In response, the Administration for Strategic Preparedness and Response created a suite of tip sheets to assist healthcare facility managers and emergency planners in identifying issues to consider when planning for and responding to various types of utility failures. Click here to access the tip sheets, which provide planning and response considerations for utility failures, including electricity, fuel, oxygen, telecommunications and information technology, and water.
COVID-19 Information
The Illinois Dept. of Public Health (IDPH) has launched a weekly Infectious Respiratory Disease Surveillance Dashboard that will be updated weekly on Friday. This report provides the public with the latest data on hospital visits, seasonal trends, lab test positivity and demographic data.

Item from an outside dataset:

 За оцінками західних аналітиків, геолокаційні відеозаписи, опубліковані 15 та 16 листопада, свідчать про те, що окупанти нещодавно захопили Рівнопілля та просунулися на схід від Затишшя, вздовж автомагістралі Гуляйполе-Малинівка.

Click here to visit the IDPH COVID-19 resources webpage. IDPH will continue to report the weekly number of people with COVID-19 admitted to hospitals from emergency departments, deaths and vaccinations, with COVID-19, influenza and respiratory syncytial virus information also reported through the dashboard of the Illinois Wastewater Surveillance System.
Briefly Noted
America’s Blood Centers and the Association of Blood Donor Professionals released a Statistics and Public Messaging Guide that provides information on blood donation, including collection information and donor demographics. Data show that annual blood donation fell from 7.3 million donors in 2019, to 6.5 million donors in 2021—an 11% drop. There was a notable 60.7% drop in donations among 16- to 18-year-olds between 2019 and 2021, which is likely linked to limits on blood drives at school campuses due to the COVID-19 pandemic.